Recently I heard somebody say, “Be perfect not better.” I had to think about this statement before I understood with new clarity what I believed was the message.
To begin, I decided both of the main words needed to be defined. After reviewing several sources these are the definitions I chose:
– Perfect – ideal, without fault, flawless, free of defect …
– Better – high quality, upper level, step ahead, more important …
Both of these words imply a superiority. Better is a step up and more important while perfect is without flaw and ideal. Wow, both seem like they would be impossible to achieve and live constantly with. But if you look at the statement in a different way, maybe there is a way to achieve being perfect. Though I don’t know anyone who is perfect or can live life always perfectly, I do think,
with a new definition, having some perfection is admirable.
I believe the message that was to be received is live your life in your way – your perfect way, with all its beauty and flaws. But not to use your perfection to show, prove, or flaunt how much better you are than all others. If you are comfortable with who you are, then you don’t need to be better than another. Rather we each live with a comfort in oneself and an acceptance that as perfect we are, so is everyone. It’s acceptance of self and others that is cresting the perfection. It’s not needing to be any more ideal that you are able or wanting to be and recognizing and accepting that in each other. Acceptance.
Instead of defining perfect as flawless or without fault, could it be living life in a modified ideal, without remorse? The difference is living without deep regret. Reflection, learning, and growing is important, but to live with so much regret it holds one back is debilitating. What I’m proposing is living with personal awareness and recognizing for oneself: What is your ideal? It is believing you are wonderful as you are, while continuing to evolve to be even more of who you imagine yourself to be. It’s a delicate balance between personal acceptance of the person you are at this moment and how you wish to be. None of us is perfectly flawless. Knowing each of us is not flawless means you accept yourself even with flaws. It’s the acceptance and balance of being and
becoming, personal acceptance, and personal evolution.
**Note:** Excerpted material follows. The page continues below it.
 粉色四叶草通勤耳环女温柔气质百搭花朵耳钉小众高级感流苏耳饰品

This does not mean what flaws one has is an excuse to be stuck or to make excuses. Instead, this balance is what can give strength to live fully each day who you are and deciding how and what you want to do to grow, evolve, and continually become even more fully the best ideal you. It’s embracing the highest qualities of who you are, as well as what we might consider flaws. Flaws, weaknesses, aspects we personally want changed are those areas that help us decide what we want different, and we can use these as guidelines for growth and self-actualization.
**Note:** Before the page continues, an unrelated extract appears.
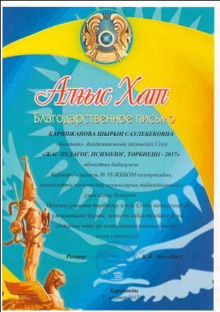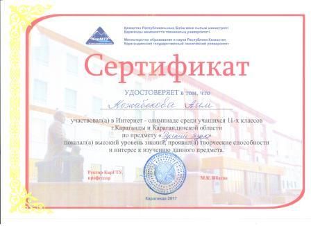 19.01.2017ж Қарағанды мемлекеттік техниқалық университетінде "Орыс тілі" пәнінен "Интернет-олимпиадаға" 11 сынып оқушылары Уалибекова Анеля және Кожабекова Асем қатысты. Ол…

And while you are living with acceptance in your own way of personal comfort, it also means accepting others. The message is saying be perfectly who you are now, without the need or desire to be superior to another. You are accepting that you need to understand that others have flaws and may also be working on growing and evolving and transforming their flaws.
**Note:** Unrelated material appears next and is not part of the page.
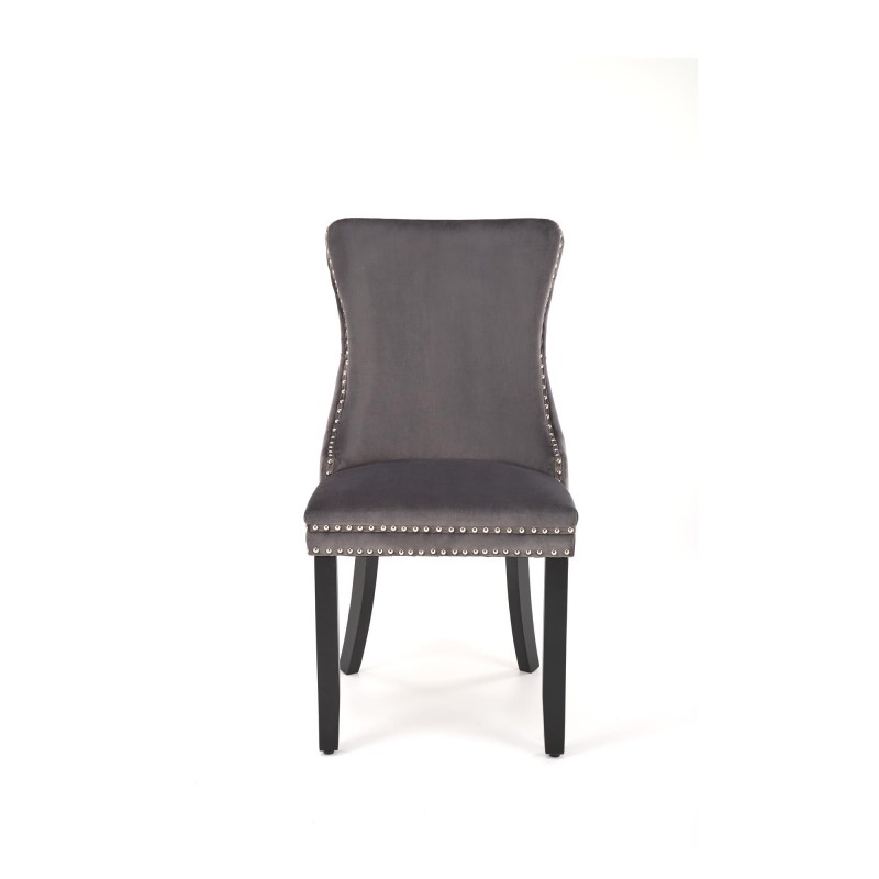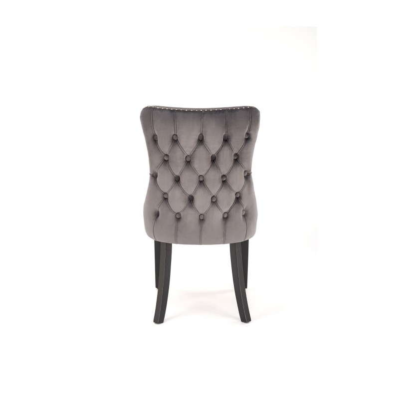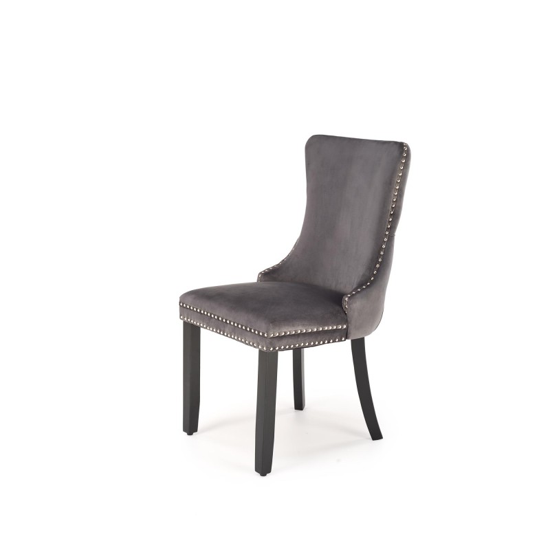 Stylowe krzesło ALDA z tapicerką velvet w kolorze popielatym (HLR 18), na prostych nogach z litego drewna. Ozdobne pikowanie z tyłu oparcia podkreśla elegancję w stylu glamour. Idealne do jadalni, salonu, restauracji czy hotelowego wnętrza.

There is a certain amount of judgement that happens. Judgement happens as a tool to understand how to trust, love, work with, interact with, be friends, and so on with all others in our life. We have the responsibility to decide with whom we want to share our life. It’s not healthy to welcome everyone into our inner life circle. However, it’s also not identifying another person by overlooking their flaws only by their flaws or because you believe you can change what you perceive they need to change. It’s understanding who and how another presents him- or herself to you, and understanding if what they present is someone you want to have in your life. It helps us understand how we can interact with others and embrace or distance them. This is not to limit who another is or can be, but how much what they show you want to interact with and accept in your realm. Even as you do this, remember you are each different and you are not better than another, simply different. Some will be embraced, others rejected, and some will have their status with you changed. Never better. You are to be you with as much perfect as you can be right now. And when you accept that they are as perfect as they are right now, you acknowledge you are not better.
Some others we can more easily live and interact with while others we reject. Each is who they are. You are to be a perfect you. Everyone else is to be who they are. We are different –not higher quality, upper level, step ahead, more important, and so on than others.
Live your life in your perfect and not believing or proving you are better.